• Supplied data
========================

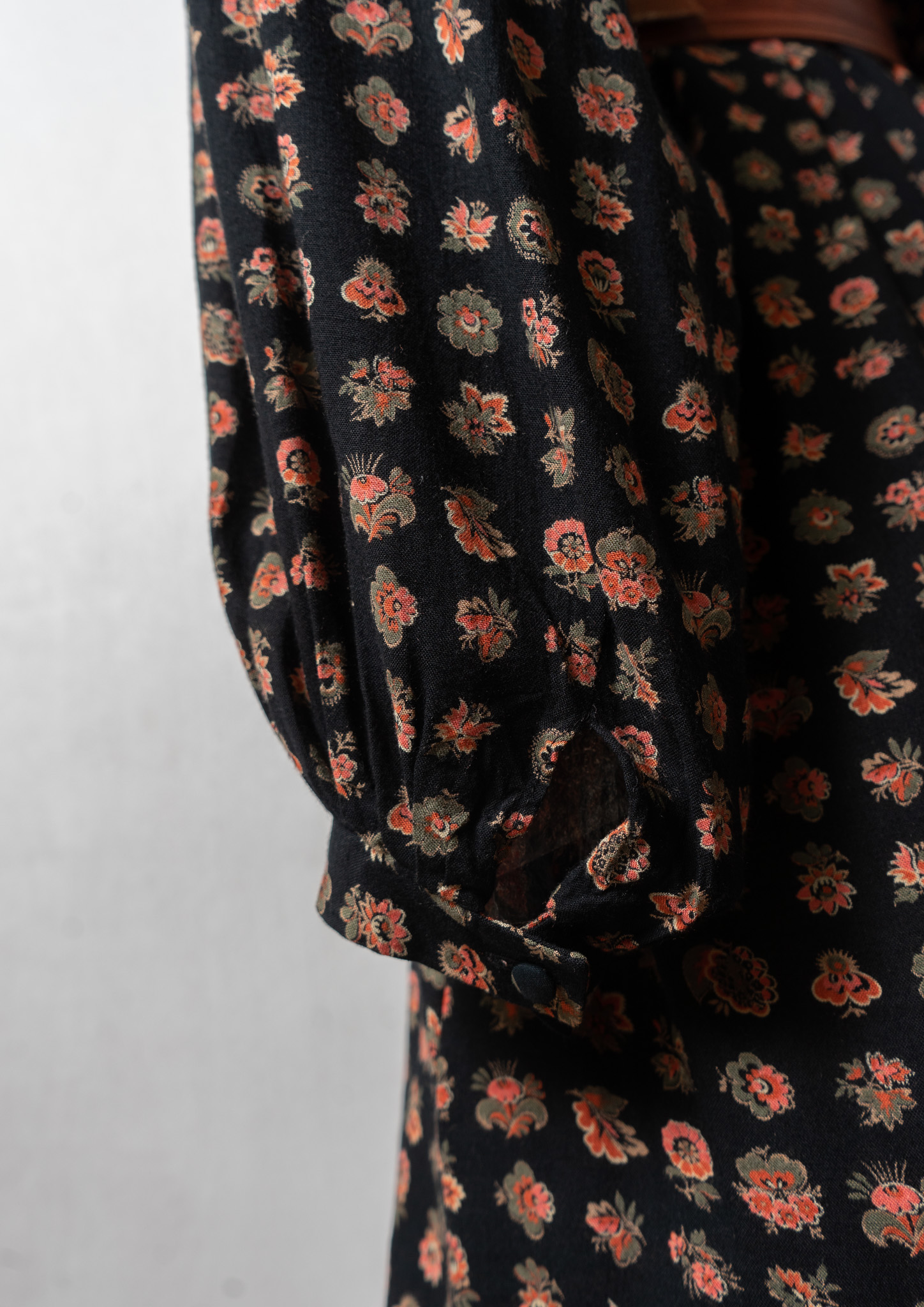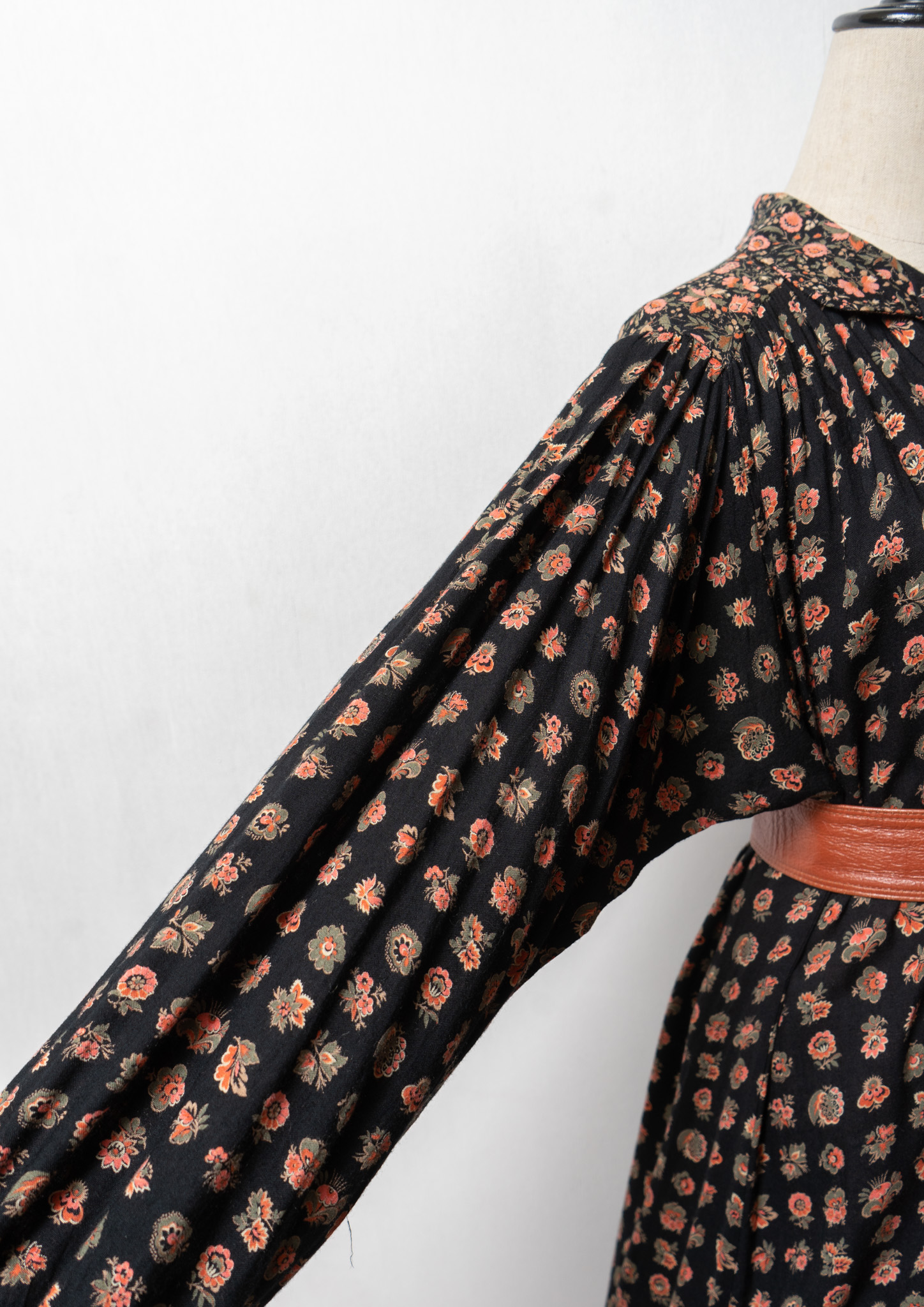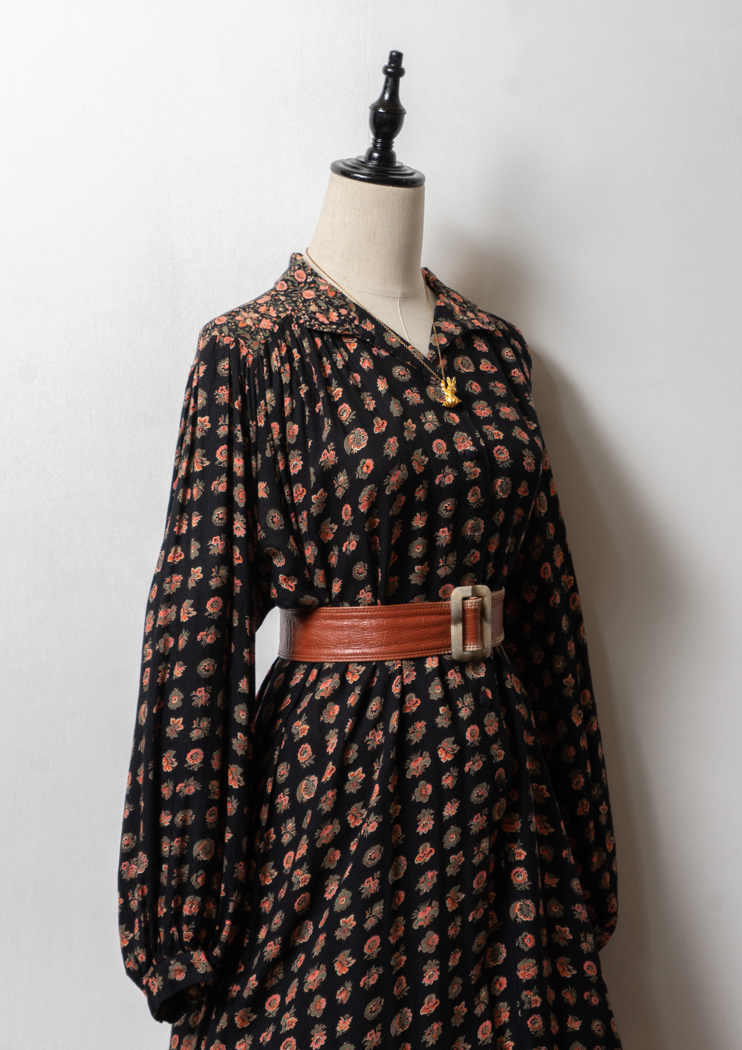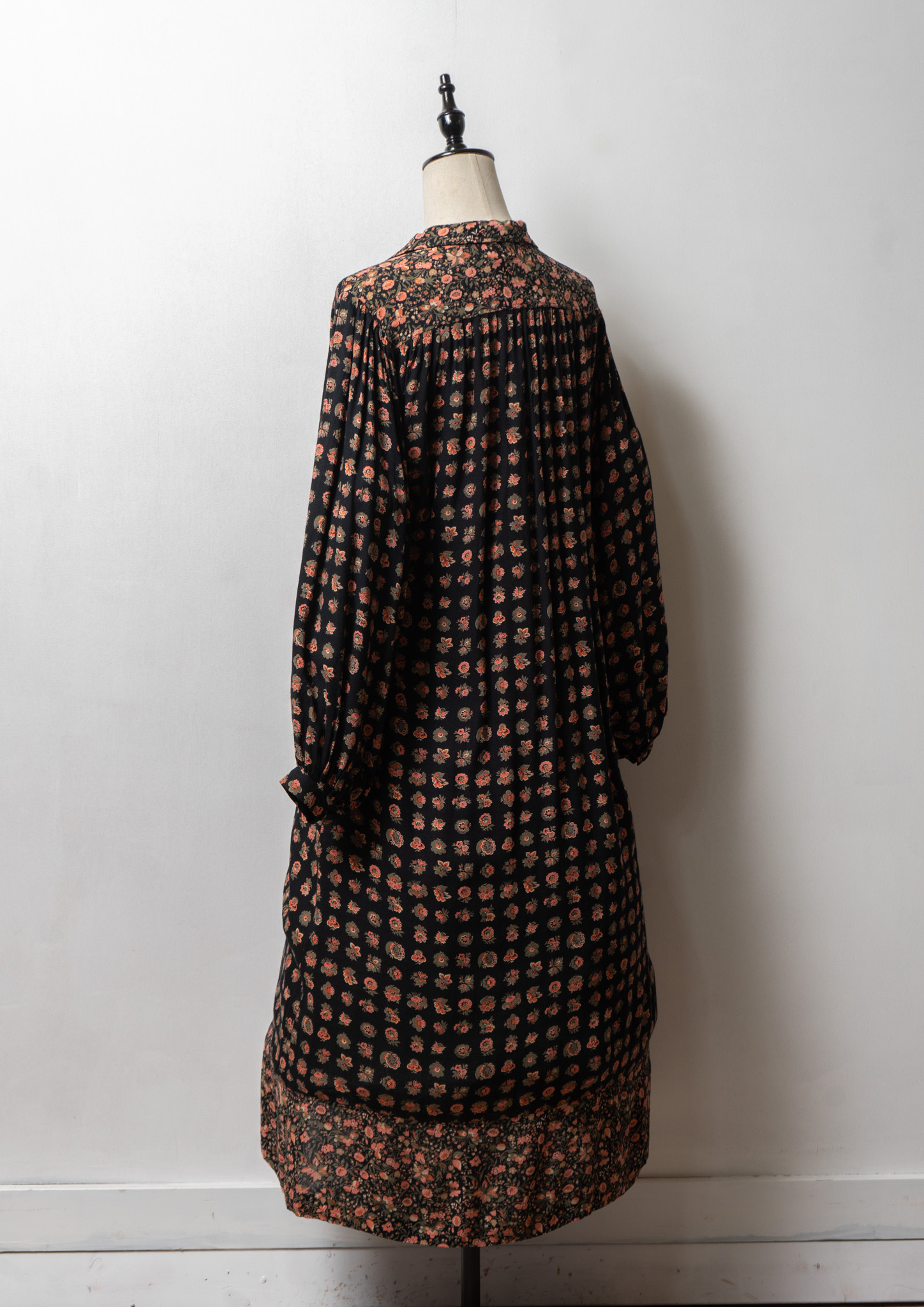 90's Black Velour Collar × Button Gray Over Dye Maxi Dress
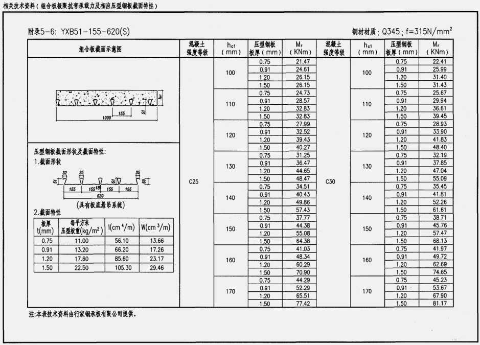附录:相关技术资料(组合板极限抗弯承载力及相应压型钢板截面特性)
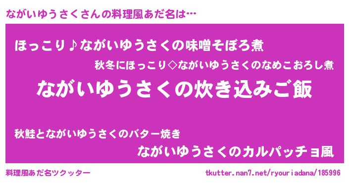 | 男性向けラノベタイトル風あだ名 | 『うちのながいゆうさくが世界を掌握している!』 |

========================

Beginning with the line that contains "附录:相关技术资料(组合板极限抗弯承载力及相应压型钢板截面特性)", write out the remaining lines of the listing above through the last, exactly and only those, without pictures.

附录:相关技术资料(组合板极限抗弯承载力及相应压型钢板截面特性)
 | 男性向けラノベタイトル風あだ名 | 『うちのながいゆうさくが世界を掌握している!』 |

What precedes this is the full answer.